La orientalización de la península, a medida que iba civilizándose, influyó decisivamente en su cocina. Si los rudos pobladores de la alta meseta continuaban alimentándose de pan de bellota y tasajo de cabra, en las fértiles tierras del sur triunfaba la trilogía mediterránea: el trigo, el aceite y el vino. «La Turdetania (valle del Guadalquivir y Andalucía Occidental) es maravillosamente fértil —dice Estrabón—. Produce en abundancia toda clase de frutos; la exportación duplica estos bienes porque los frutos sobrantes se venden con facilidad a los numerosos buques mercantes que transitan sus vías fluviales y sus obras. De Turdetania se exporta trigo, mucho vino y aceite; éste además no sólo en calidad, sino en cantidad insuperable». Las exportaciones de aceite andaluz a Roma fueron de tal magnitud que sólo con las ánforas y vasijas que se rompían en los cercanos depósitos se formó tal acumulación que hoy, ya cubierta de vegetación, constituye el monte Testaccio (Mons Testaceus), esto es, el monte de los tiestos. No deja de ser revelador que, veinte siglos después, buena parte del aceite de oliva de calidad que Italia comercializa en el mundo, y del que obtiene pingües beneficios, proceda de Andalucía, donde las multinacionales italianas y francesas lo compran a granel.
El cervantino licenciado Vidriera se queja en un memorable pasaje:
—«¿Soy yo, por ventura, el monte Testacho de Roma para que me tiréis tantos tiestos y tejas?». El incrédulo turista aún acude allí para cerciorarse de que, en efecto, el monte está formado solamente por tiestos de vasijas.
En el norte de la península, la agricultura no alcanzó tanto esplendor. Las cosechas de cereal se guardaban en hórreos que los sorprendidos autores latinos denominaban supra terram granaria o granaria sublima.

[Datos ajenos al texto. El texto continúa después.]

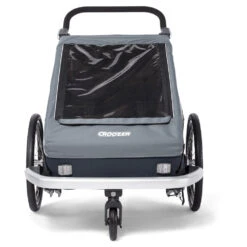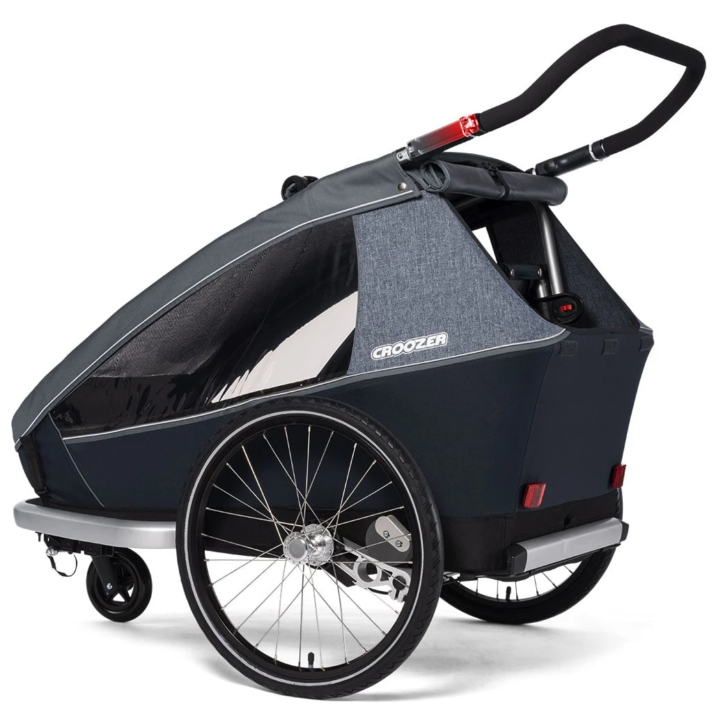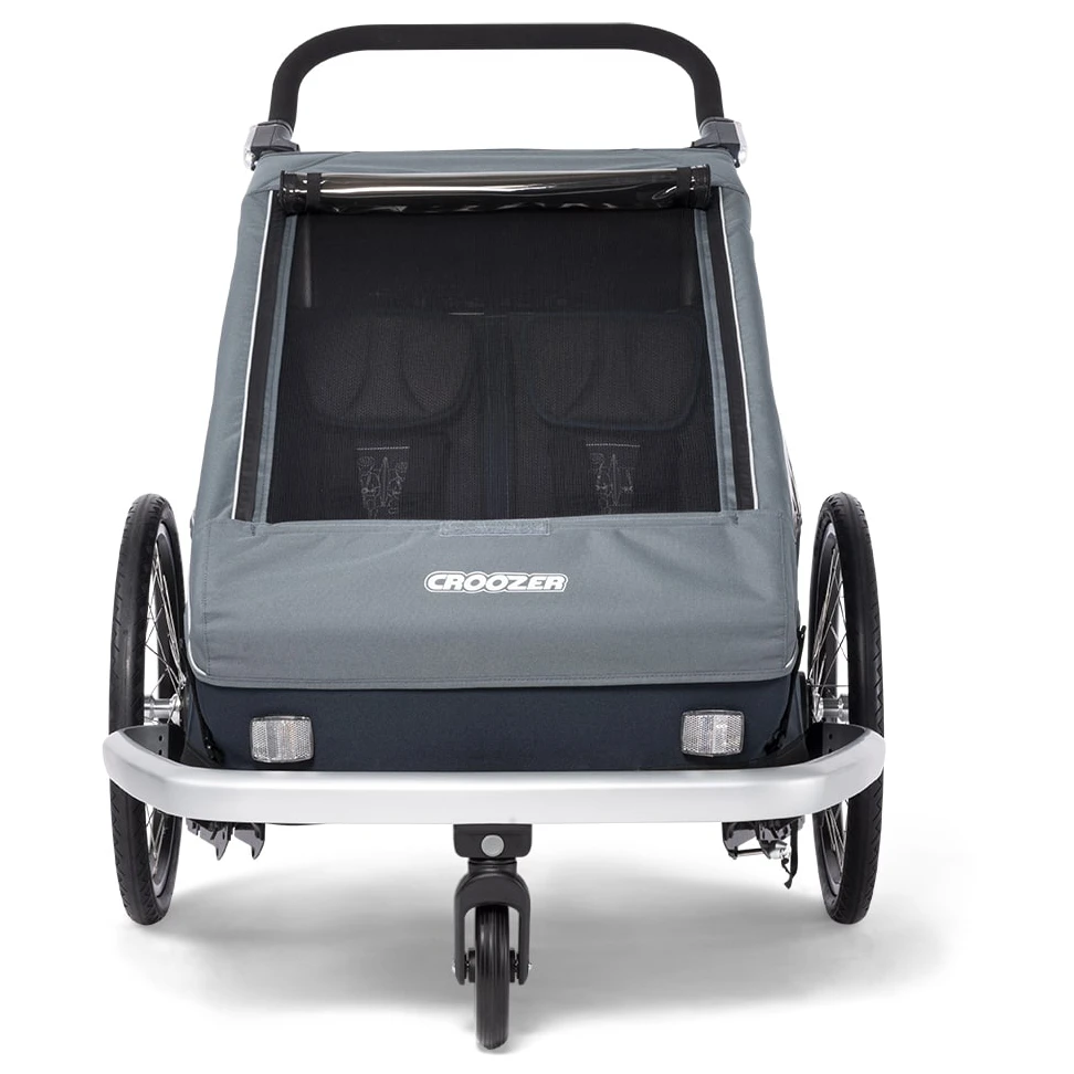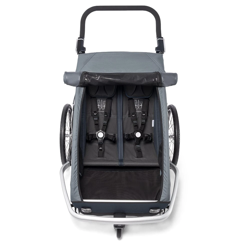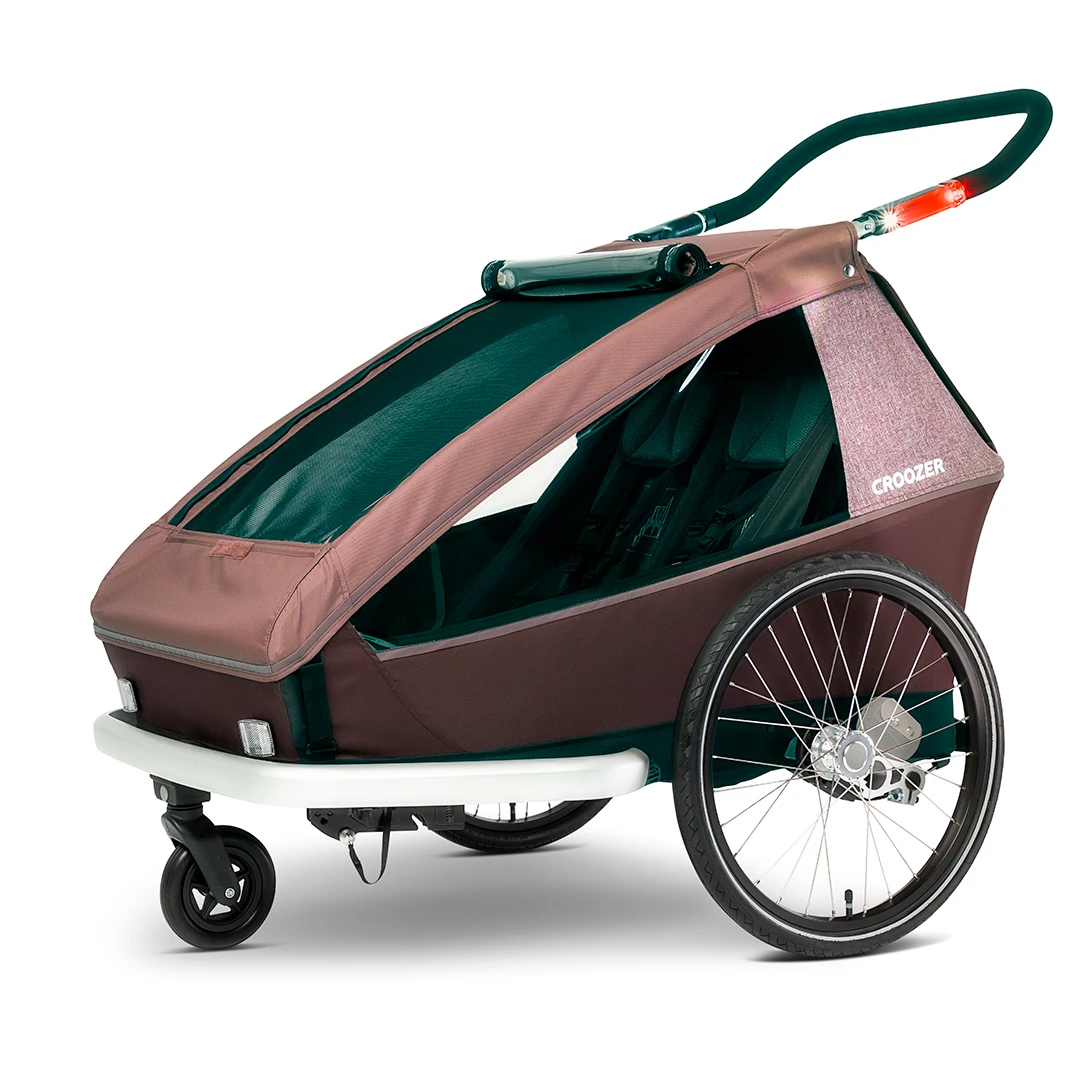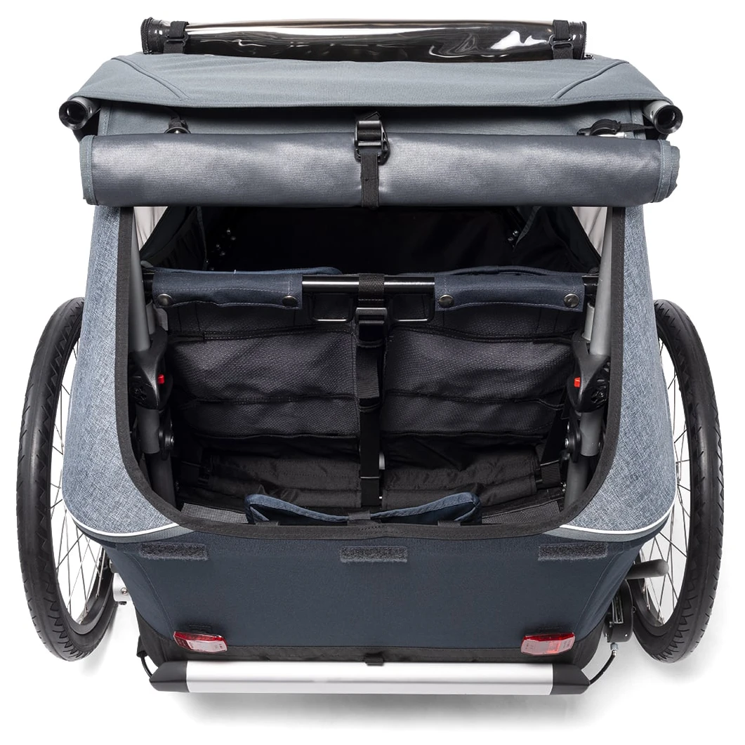The Croozer Kid Vaaya 2 offers a high level of safety in the event of accidents and vibrations with its stable safety passenger compartment and reliable 5-point safety belt. In addition, the low centre of gravity and the wide set of the wheels of the trailer ensure optimal stability even in sharp curves. Intelligent AirPad suspension ensures the smoothest possible ride, even over uneven roads and curbs. This automatically adjusts to the weight of the trailer and ensures optimum cushioning and suspension. The ergonomic individual seats made of breathable climatex material perfectly round off this comfort package.

¿Qué árboles florecían en los fértiles huertos turdetanos? Uno de los más abundantes era la higuera. Los griegos alabaron mucho los higos de Edetania y de la Bética, tan abundantes que los conservaban secándolos al sol y prensándolos en cajas.
A las autóctonas higueras se añadieron muy pronto exóticos frutales que traían los colonos del Mediterráneo oriental. Los cartagineses aportaron la granada, denominada por los romanos Malum punica; los propios romanos, el cerezo, en sus tres variedades de fruta, negra, roja y verde.
Hubo además nuevos frutales creados a partir de injertos: «Recientemente en la Bética se ha realizado un injerto de ciruelo en manzano dando un producto llamado nalina. También se ha injertado en almendro, obteniéndose amigdalina; el hueso contiene en su interior una verdadera almendra; no hay fruto tan ingeniosamente derivado; las peras se denominan, según su procedencia: picentina, numantina, alejandrina».
El otro árbol fundamental que trajeron los griegos fue el olivo. Los cartagineses comenzaron a cultivarlo en el siglo VI a. C. y rápidamente superó al acebuche autóctono, del que también se extraía aceite. «El suelo cascajoso —leemos— es muy bueno para los olivos en Venafranus y muy pingüe en la Bética, donde no hay árbol mayor que el olivo. La región recoge sus más ricas cosechas de sus olivos». También los había de verdeo. La aceituna de Mérida era famosa por su dulzura y la tomaban pasa, como la ciruela.